**What is being asked:** The entries that follow need to be printed exactly as they are, minus any pictures.

======== Records supplied

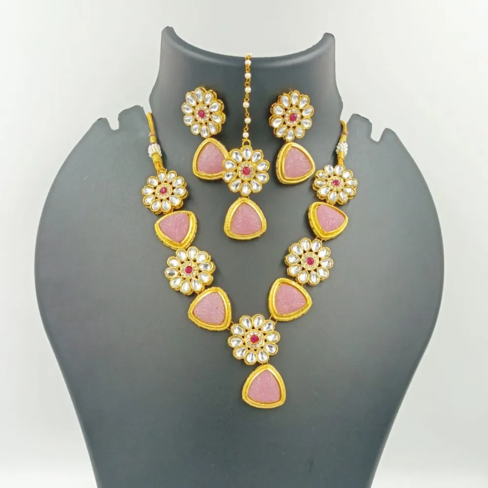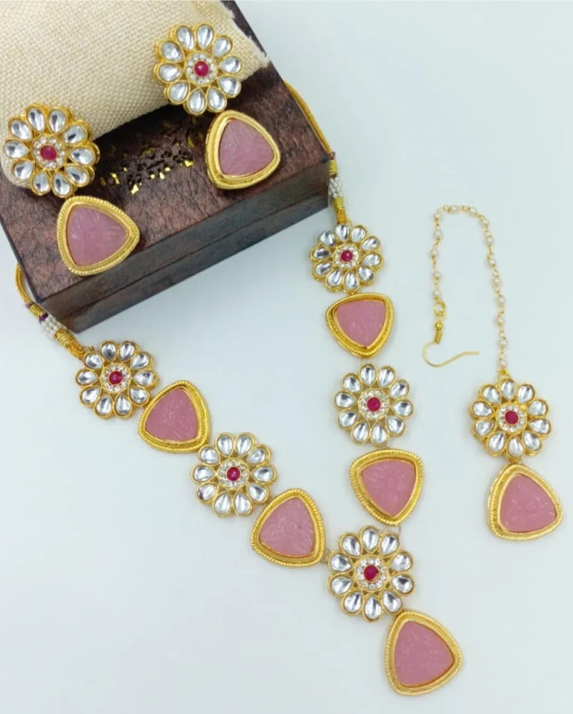 Add a touch of elegance and charm to your jewelry collection with the Triangle and Flower Look Pink Necklace For Women. This exquisite set combines geometric precision with floral grace, creating a stunning piece that enhances any outfit.
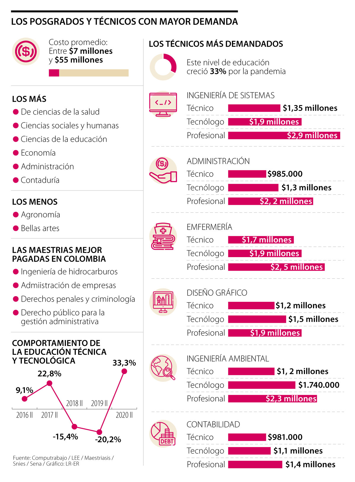 Según el Laboratorio de Economía de la Educación, LEE, de la Universidad Javeriana, mientras que por la pandemia la matrícula de pregrados en Instituciones de Educación Superior (IES) privadas cayó 23% en el segundo semestre de 2020, con respecto al mismo semestre de 2019; por su parte, al analizar la matrícula a primer curso en instituciones públicas de formación Técnica y Tecnológica, esta creció 33% en el mismo periodo analizado, respecto a 2019.
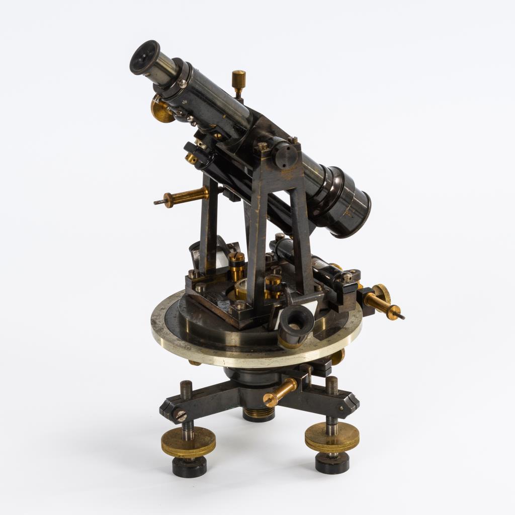 3-beiniger Fuß mit Libelle, Vollkreis, 2 Lupen über Nonien sowie Feinbewegungen. Fernrohr mit Libelle, Objektivkappe sowie Absehe. Wenige Alters-/Gebrauchsspuren.
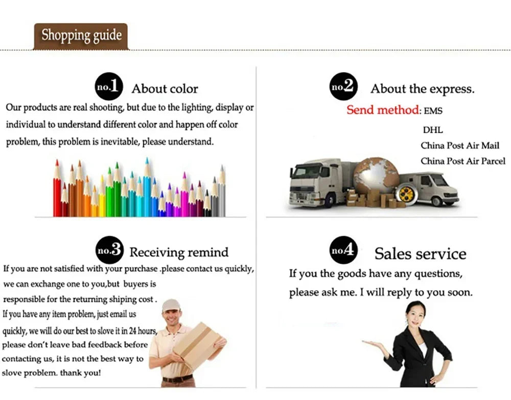 2. If the products you received was damaged or wrong styles, please don't leave any negative feedbacks first, kindly please contact us,we will deal with it and work out the best solutions, Your satisfication is our motion to do better.
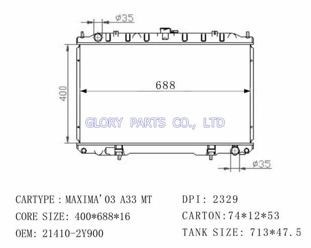 DPI: 2329/2612 NISSENS: 68713 OEM: 21460-35U00/21460-2Y603 CAR MODEL: Nissan Maxima'03 Auto radiator/automovil radiadores
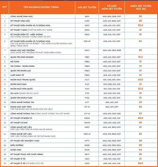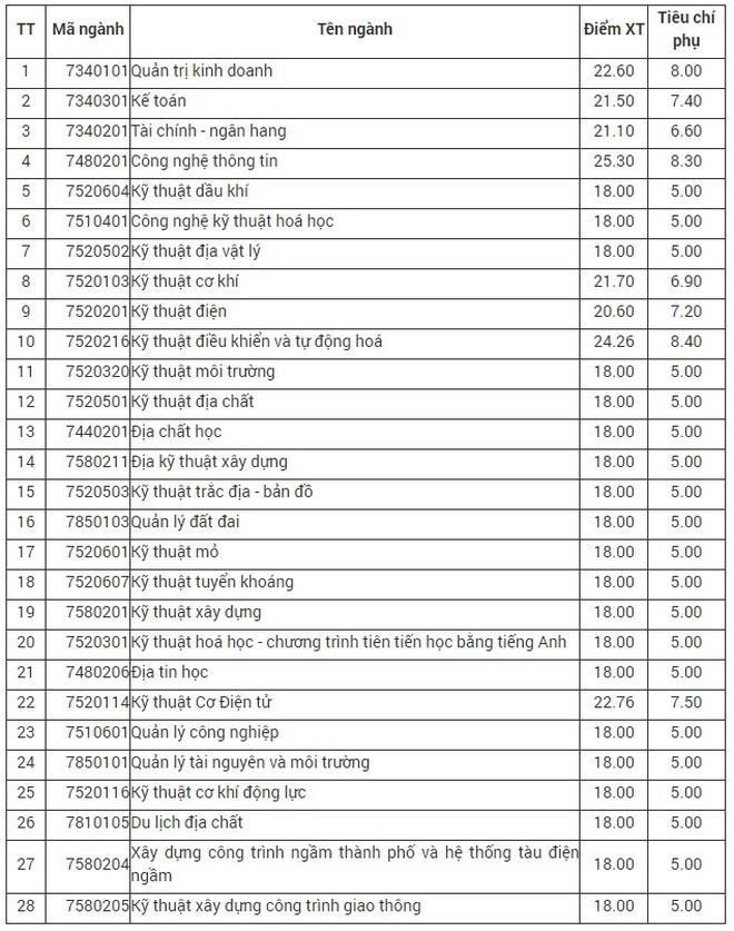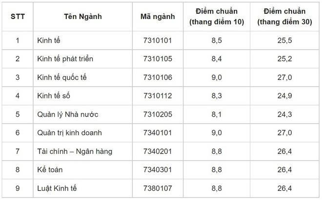 Điểm trúng tuyển ở bảng trên được tính theo thang 30, tất cả các môn trong tổ hợp xét tuyển đều tính hệ số 1.
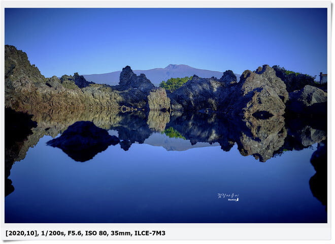 바닷물이 연못처럼 저 돌 사이에 물이 갖힌 형태인데요. 오늘 사진에서 제일 중요한 한가지는 바로!! "바람이 없어야 한다"
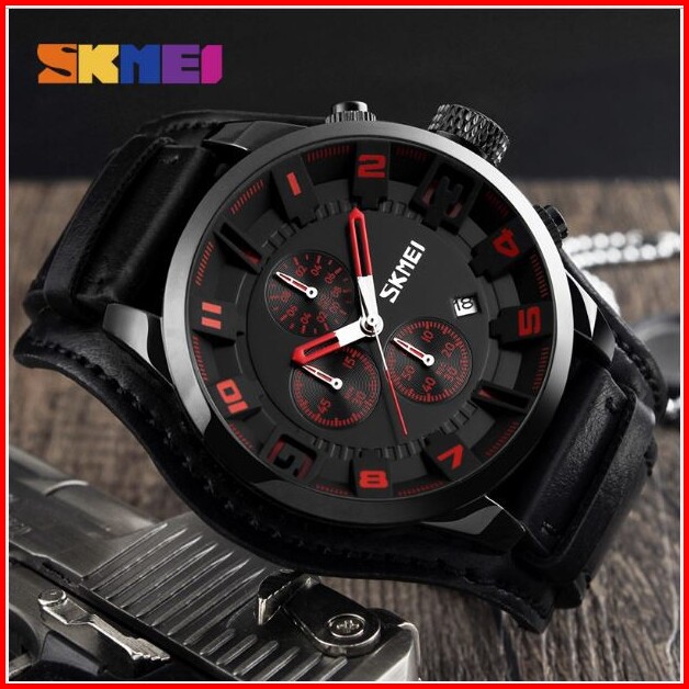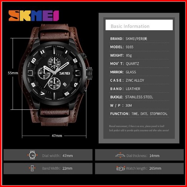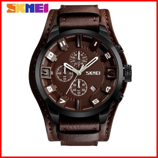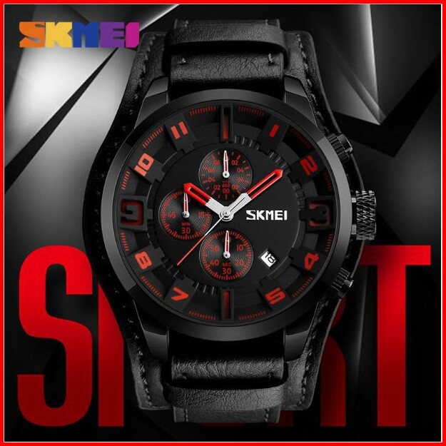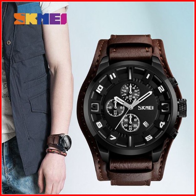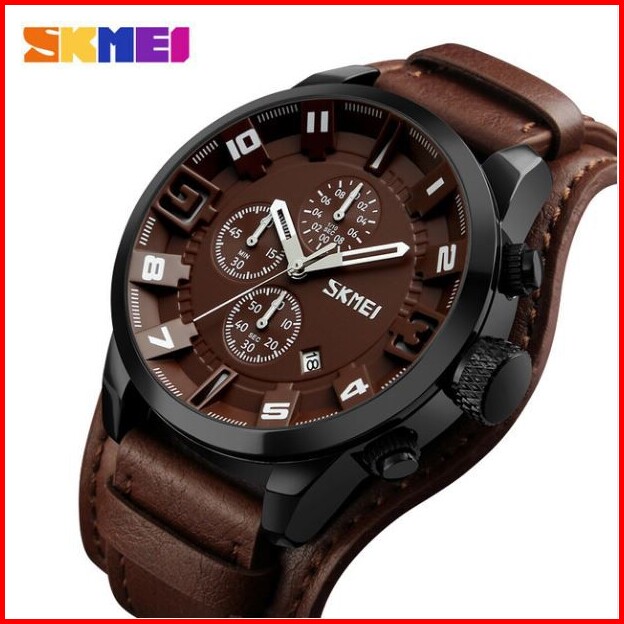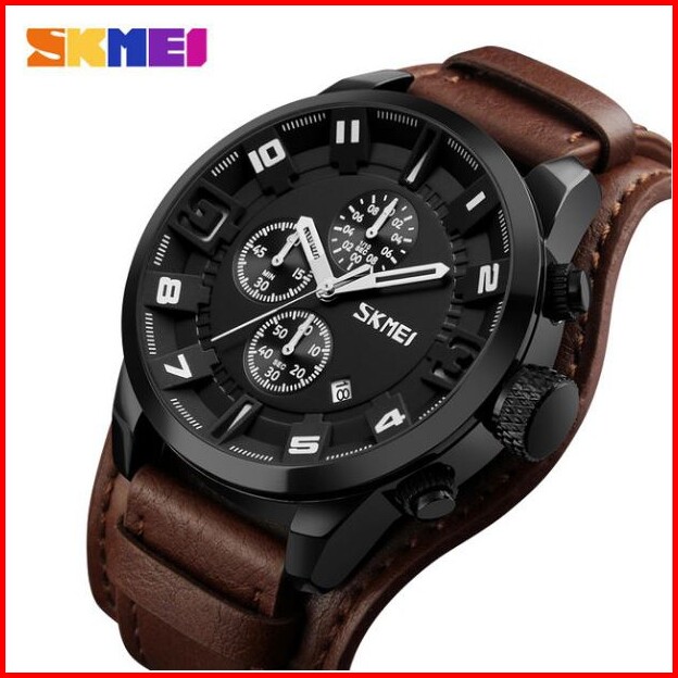 Skmei 9165 Jam Tangan Pria Analog Chronograph Tali Kulit Mgos
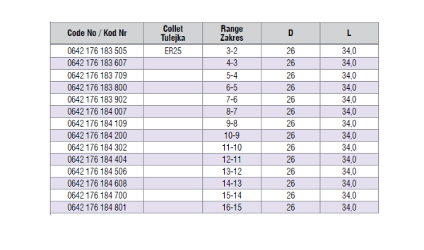 tulejka zaciskowa ER25
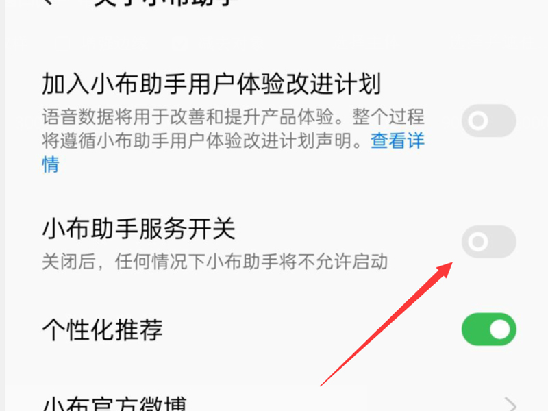 3、点击“关于小布助手”按钮,进入后关闭“小布助手服务开关”的按钮即可。
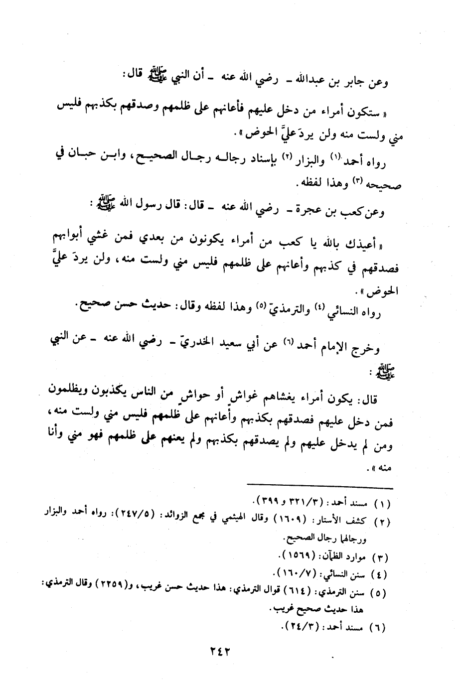 «أعيذك بالله يا كعب من أمراء يكونون من بعدي فمن غشي أبوابهم فصدقهم في كذبهم وأعانهم على ظلمهم فليس مني ولست منه، ولن يرد على الحوض».

================

**Completed exercise:**
 Add a touch of elegance and charm to your jewelry collection with the Triangle and Flower Look Pink Necklace For Women. This exquisite set combines geometric precision with floral grace, creating a stunning piece that enhances any outfit.
 Según el Laboratorio de Economía de la Educación, LEE, de la Universidad Javeriana, mientras que por la pandemia la matrícula de pregrados en Instituciones de Educación Superior (IES) privadas cayó 23% en el segundo semestre de 2020, con respecto al mismo semestre de 2019; por su parte, al analizar la matrícula a primer curso en instituciones públicas de formación Técnica y Tecnológica, esta creció 33% en el mismo periodo analizado, respecto a 2019.
 3-beiniger Fuß mit Libelle, Vollkreis, 2 Lupen über Nonien sowie Feinbewegungen. Fernrohr mit Libelle, Objektivkappe sowie Absehe. Wenige Alters-/Gebrauchsspuren.
 2. If the products you received was damaged or wrong styles, please don't leave any negative feedbacks first, kindly please contact us,we will deal with it and work out the best solutions, Your satisfication is our motion to do better.
 DPI: 2329/2612 NISSENS: 68713 OEM: 21460-35U00/21460-2Y603 CAR MODEL: Nissan Maxima'03 Auto radiator/automovil radiadores
 Điểm trúng tuyển ở bảng trên được tính theo thang 30, tất cả các môn trong tổ hợp xét tuyển đều tính hệ số 1.
 바닷물이 연못처럼 저 돌 사이에 물이 갖힌 형태인데요. 오늘 사진에서 제일 중요한 한가지는 바로!! "바람이 없어야 한다"
 Skmei 9165 Jam Tangan Pria Analog Chronograph Tali Kulit Mgos
 tulejka zaciskowa ER25
 3、点击“关于小布助手”按钮,进入后关闭“小布助手服务开关”的按钮即可。
 «أعيذك بالله يا كعب من أمراء يكونون من بعدي فمن غشي أبوابهم فصدقهم في كذبهم وأعانهم على ظلمهم فليس مني ولست منه، ولن يرد على الحوض».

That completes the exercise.